Teaching machines to obey spoken commands

www.mangaloretoday.com

April 3 2012 (The New York Times): Vlad Sejnoha is talking to the TV again. OK, maybe you’ve done that, too. But here’s the weird thing: His TV is listening. “Dragon TV,” Sejnoha says to the screen, “find movies with Meryl Streep.” Up pops a list of films like “Out of Africa” and “It’s Complicated.”
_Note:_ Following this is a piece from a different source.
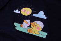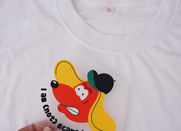 คุณภาพ : พิมพ์ภาพลงบนแผ่นฟิล์ม ด้วยหมึกสำหรับการย้อมผ้า แล้วนำแผ่นฟิล์มที่พิมพ์แล้วมารีดร้อนติดบนเสื้อ พิมพ์ลายชัดเจน สีสด คมชัด

Sejnoha is sitting in what looks like a living room but is, in fact, a sort of laboratory inside Nuance Communications, the leading force in voice technology and the speech-recognition engine behind Siri, the virtual personal assistant on the Apple iPhone 4S.

Vlad Sejnoha

Here, Sejnoha, the company’s chief technology officer, and other executives are plotting a voice-enabled future where human speech brings responses from not only smartphones and televisions, cars and computers, but also coffee makers, refrigerators, thermostats, alarm systems and other smart devices and appliances.

It is a wildly disruptive idea. But such systems are already beginning to change the way we interact with the world and, for better and worse, how we think about technology. Until now, after all, we’ve talked only to one another. What if we begin talking to all sorts of machines, too – and, like Siri, those machines respond as if they were human?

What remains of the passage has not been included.